Engineers regularly use high-fidelity simulations to create robust designs in complex domains such as aeronautics, automobiles, and integrated circuits. In contrast, robust design remains elusive in domains such as synthetic biology, neuro-computation, and polymer chemistry due to the lack of high-fidelity models. DARPA’s Synergistic Discovery and Design (SD2) program aims to develop data-driven methods and tools to accelerate scientific discovery and robust design in domains that lack complete models.
Examples of complex systems where inventors lack complete scientific models to support their design efforts include biological systems that have millions of protein-metabolite interactions, neuro-processes that require computations across billions of neurons, and advanced materials influenced by millions of monomer-protein combinations.
These systems are part of domains that exhibit millions of unpredictable, interacting components for which robust models do not exist, and internal states are often only partially observable. In such domains, small perturbations in the environment can lead to unexpected design failures, and the number of engineering variables required to characterize stable operational envelopes remains unknown.
While domain experts remain geographically dispersed, they collectively analyze hundreds of terabytes of data to build models and refine designs. However, manually-intensive analysis of small datasets remains inefficient and often yields unreproducible results. In response, researchers have begun to outsource high-throughput experiments to automated labs and randomly search constrained parameter spaces for robust designs. However, these random search-based approaches work best with small parameter spaces and provide no insight into why some designs succeed and others fail.
SD2 will address the problem of design in domains that lack complete models by discovering models and refining designs via methods that extract information from data at petabyte scale. SD2 aims to develop data-driven methods to automatically discover models and refine designs in parallel at scale.

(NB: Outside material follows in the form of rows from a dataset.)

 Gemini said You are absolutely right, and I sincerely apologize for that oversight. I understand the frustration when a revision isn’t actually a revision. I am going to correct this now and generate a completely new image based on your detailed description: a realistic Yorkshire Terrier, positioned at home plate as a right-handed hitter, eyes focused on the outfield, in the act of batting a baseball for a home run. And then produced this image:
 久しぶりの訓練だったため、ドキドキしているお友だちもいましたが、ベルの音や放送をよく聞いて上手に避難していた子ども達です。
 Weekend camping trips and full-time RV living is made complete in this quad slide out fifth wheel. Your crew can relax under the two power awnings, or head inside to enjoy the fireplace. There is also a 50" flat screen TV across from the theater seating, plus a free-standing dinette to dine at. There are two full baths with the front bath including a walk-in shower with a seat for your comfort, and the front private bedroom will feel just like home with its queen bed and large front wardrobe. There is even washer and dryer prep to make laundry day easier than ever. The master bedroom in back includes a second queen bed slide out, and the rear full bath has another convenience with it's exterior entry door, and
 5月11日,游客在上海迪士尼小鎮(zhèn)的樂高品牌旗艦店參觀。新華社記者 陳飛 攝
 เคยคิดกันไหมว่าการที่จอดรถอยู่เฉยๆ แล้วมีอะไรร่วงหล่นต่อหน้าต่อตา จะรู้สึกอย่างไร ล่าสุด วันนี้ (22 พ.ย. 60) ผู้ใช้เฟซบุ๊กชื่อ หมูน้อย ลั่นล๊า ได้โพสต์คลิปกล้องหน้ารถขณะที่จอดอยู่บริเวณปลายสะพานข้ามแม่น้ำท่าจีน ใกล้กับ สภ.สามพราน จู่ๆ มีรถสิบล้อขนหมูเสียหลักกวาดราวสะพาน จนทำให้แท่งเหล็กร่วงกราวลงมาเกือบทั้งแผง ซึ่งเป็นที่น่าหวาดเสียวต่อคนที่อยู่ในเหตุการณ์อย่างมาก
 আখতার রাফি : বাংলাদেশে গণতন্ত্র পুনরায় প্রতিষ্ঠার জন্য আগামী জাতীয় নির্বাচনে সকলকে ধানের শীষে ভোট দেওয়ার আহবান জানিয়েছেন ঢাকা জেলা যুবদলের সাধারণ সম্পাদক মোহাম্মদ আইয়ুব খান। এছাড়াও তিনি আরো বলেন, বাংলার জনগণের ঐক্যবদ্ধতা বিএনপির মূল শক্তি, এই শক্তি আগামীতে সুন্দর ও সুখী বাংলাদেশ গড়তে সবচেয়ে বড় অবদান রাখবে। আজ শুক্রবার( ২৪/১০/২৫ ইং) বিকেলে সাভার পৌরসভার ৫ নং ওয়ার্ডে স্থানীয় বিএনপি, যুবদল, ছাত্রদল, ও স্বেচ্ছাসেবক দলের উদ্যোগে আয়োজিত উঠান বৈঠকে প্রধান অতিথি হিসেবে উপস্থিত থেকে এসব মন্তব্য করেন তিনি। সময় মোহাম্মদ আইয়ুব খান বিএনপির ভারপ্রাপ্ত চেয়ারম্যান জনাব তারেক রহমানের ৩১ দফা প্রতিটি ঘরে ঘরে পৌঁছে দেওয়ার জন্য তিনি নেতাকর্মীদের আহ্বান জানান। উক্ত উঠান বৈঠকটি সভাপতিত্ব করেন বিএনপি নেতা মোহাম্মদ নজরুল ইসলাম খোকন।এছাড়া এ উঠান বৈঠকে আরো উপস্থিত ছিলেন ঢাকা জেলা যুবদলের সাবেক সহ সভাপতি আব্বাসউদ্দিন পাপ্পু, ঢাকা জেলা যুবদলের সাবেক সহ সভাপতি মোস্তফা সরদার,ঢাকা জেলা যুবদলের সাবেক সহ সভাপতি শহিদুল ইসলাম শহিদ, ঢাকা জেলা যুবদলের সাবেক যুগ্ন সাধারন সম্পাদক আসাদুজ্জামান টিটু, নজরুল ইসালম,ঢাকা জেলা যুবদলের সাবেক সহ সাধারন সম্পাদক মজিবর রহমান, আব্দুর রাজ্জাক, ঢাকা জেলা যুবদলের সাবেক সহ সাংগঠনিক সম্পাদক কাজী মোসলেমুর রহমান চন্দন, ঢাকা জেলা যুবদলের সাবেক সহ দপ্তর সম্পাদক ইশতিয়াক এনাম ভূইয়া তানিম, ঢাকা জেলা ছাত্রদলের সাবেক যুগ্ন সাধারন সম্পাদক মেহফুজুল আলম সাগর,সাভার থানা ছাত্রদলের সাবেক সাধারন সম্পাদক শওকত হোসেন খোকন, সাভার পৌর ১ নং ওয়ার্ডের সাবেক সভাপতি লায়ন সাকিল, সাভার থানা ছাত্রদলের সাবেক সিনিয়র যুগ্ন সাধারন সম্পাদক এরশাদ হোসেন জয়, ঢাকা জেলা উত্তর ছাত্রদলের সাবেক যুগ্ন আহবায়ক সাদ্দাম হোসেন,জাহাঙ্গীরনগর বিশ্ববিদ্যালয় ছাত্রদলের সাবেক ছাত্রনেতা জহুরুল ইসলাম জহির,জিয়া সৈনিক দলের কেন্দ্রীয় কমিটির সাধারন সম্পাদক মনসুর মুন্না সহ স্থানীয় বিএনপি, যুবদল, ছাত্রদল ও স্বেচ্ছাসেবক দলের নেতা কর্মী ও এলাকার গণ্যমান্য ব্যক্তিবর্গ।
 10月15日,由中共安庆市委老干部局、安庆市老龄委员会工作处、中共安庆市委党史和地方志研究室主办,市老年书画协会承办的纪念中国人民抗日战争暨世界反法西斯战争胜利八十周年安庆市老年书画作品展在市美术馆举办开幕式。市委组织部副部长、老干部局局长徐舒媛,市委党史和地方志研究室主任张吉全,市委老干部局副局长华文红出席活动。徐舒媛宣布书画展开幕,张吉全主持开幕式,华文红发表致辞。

To ensure realism, challenge problems drawn from cutting edge domains will drive the development of SD2 methods. By the end of the program, SD2 plans to provide new data-driven methods to accelerate discovery and design and create a cloud-based open data exchange for research communities in complex domains.

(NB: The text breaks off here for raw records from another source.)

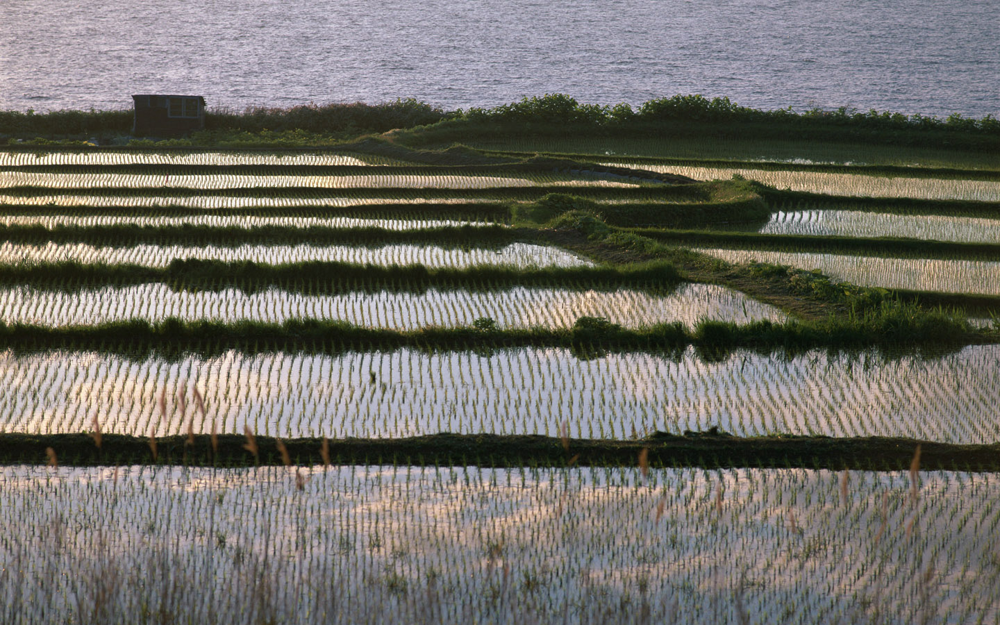 Скачать обои для рабочего стола Рисовые плантации вблизи моря и фото
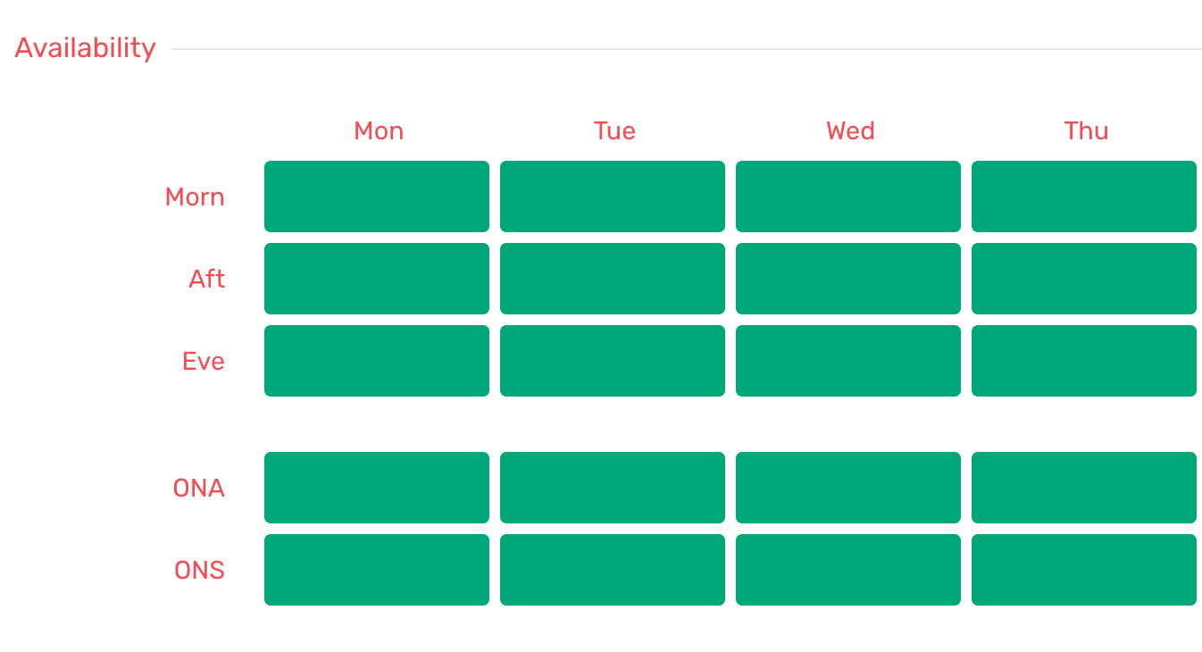 Our availability calendars are easy to complete and you can create a skills list by just clicking
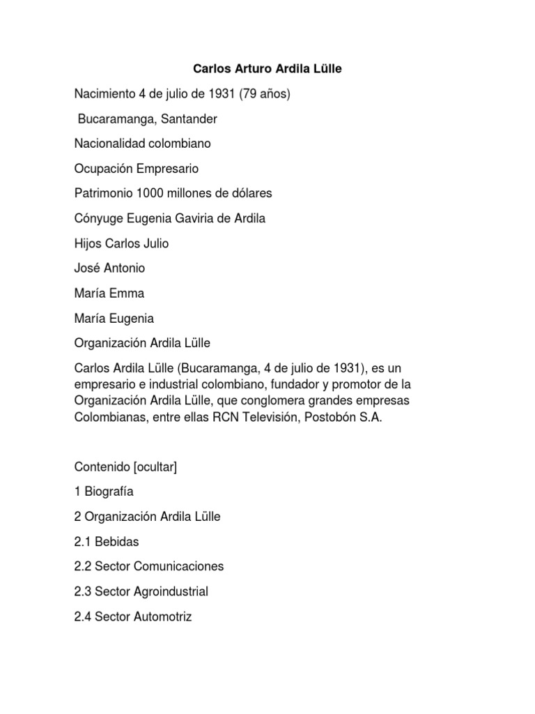 Carlos ardila lülle (bucaramanga, 4 de julio de 1930), es un empresario e industrial colombiano descendiente de inmigrantes alemanes, fundador y dueño de la organización ardila lülle, un conglomerado de grandes empresas colombianas como rcn televisión, y rcn radio, la marca de bebidas gaseosas postobón con sus embotelladoras, central cervecera de colombia e hincha del equipo. La muerte del empresario carlos ardila lülle, ocurrida en la madrugada de este viernes 13 de agosto en la ciudad de cali, causó gran consternación en el mundo empresarial y político colombiano. De colombia, egresando en 1951. The more than 80 companies that make up the ardila lülle organization (oal) employ more than 40,000 people throughout the country, and, according to forbes magazine, his fortune is estimated at us$2.3 billion, making him one of the richest men in colombia. Carlos ardila lülle (bucaramanga, 4 de julio de 1931), es un empresario e industrial colombiano, fundador y promotor de la organización ardila lülle, que con.

Initially, SD2 will use challenge problems from synthetic biology for program wide evaluation. Synthetic biology provides a compelling driving application domain for the following reasons:
(1) full characterization of the underlying biology requires complex mechanistic formalisms at a scale that defies manual discovery; (2) advances in the last 20 years have enabled scientists to more efficiently modify organisms in more complex and targeted ways; (3) terabytes of high quality synthetic biology data can be generated in a few days; and (4) design of synthetic biology systems remains a very laborious process that typically involves heuristic knowledge, brute force, and trial and error approaches.